Typing of a scalar has the following rules:

Constant scalars are loosely typed by default, for example, a literal 2 or a constant property like Tile.ndim, Tile.shape, or Array.ndim.
Array.shape and Array.stride are not constant by default and has default int type int32. Using default int32 makes kernel more performant at the cost of limiting max representable shape. This limitation will be lifted in the near future.

Tuples#

Tuples can be used in tile code. They cannot be kernel parameters.

Rounding Modes#

class cuda.tile.RoundingMode#

Rounding mode for floating-point operations.

RN = 'nearest_even'#: Rounds the nearest (ties to even).
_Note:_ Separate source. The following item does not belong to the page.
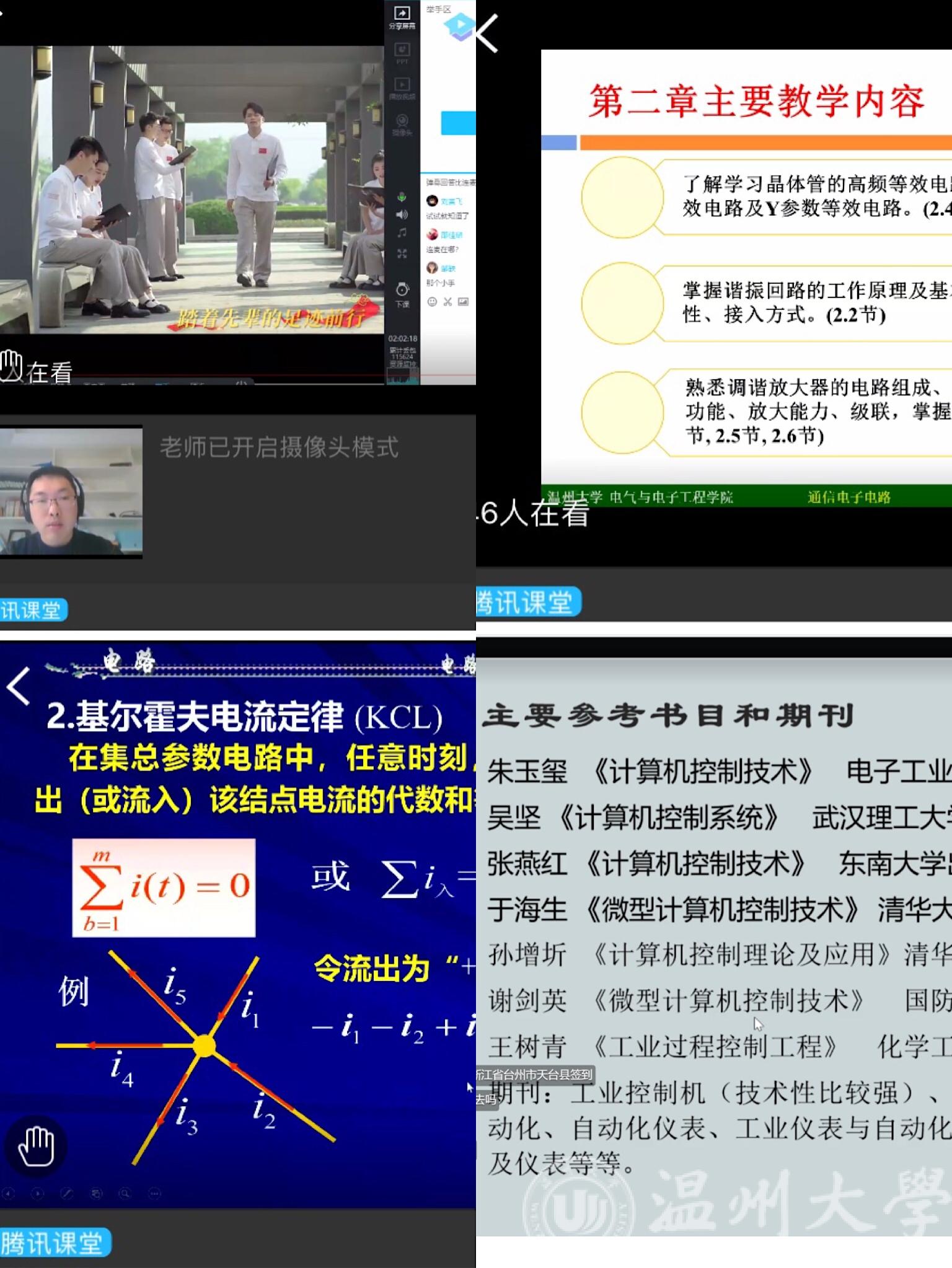 2月17日,原本是学校正式开学的日子,但疫情当前,师生无法返校给本学期的教学工作提出了最大的挑战。电气电子学院按照学校“停课不停教,停课不停学”统一部署与要求进行线上教学安排。2月24日,迎来线上开课的第一天,学院11门课程顺利开展线上教学。校领导钱强带队参加了公司施肖菁老师的《电子电路分析》课程的网上直播教学,同时,公司领导、各系主任、专业负责人、学院教学督导、学院线上教学督导、教务科、员工科也积极参与上网跟踪课堂效果和质量,随时做好反馈工作;老师们准备充分,应急方案有效;同学参与积极性高,学院线上教学工作开展顺利。
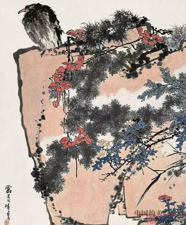 4、潘天壽《鷹石山花圖》2015年嘉德春拍 2.79億元

RZ = 'zero'#: Round towards zero (truncate).

RM = 'negative_inf'#: Round towards negative infinity.

RP = 'positive_inf'#: Round towards positive infinity.

FULL = 'full'#: Full precision rounding mode.

APPROX = 'approx'#: Approximate rounding mode.

RZI = 'nearest_int_to_zero'#: Round towards zero to the nearest integer.

Padding Modes#

class cuda.tile.PaddingMode#

Padding mode for load operation.

UNDETERMINED = 'undetermined'#: The padding value is not determined.

ZERO = 'zero'#: The padding value is zero.

NEG_ZERO = 'neg_zero'#: The padding value is negative zero.

NAN = 'nan'#: The padding value is NaN.

POS_INF = 'pos_inf'#: The padding value is positive infinity.

NEG_INF = 'neg_inf'#: The padding value is negative infinity.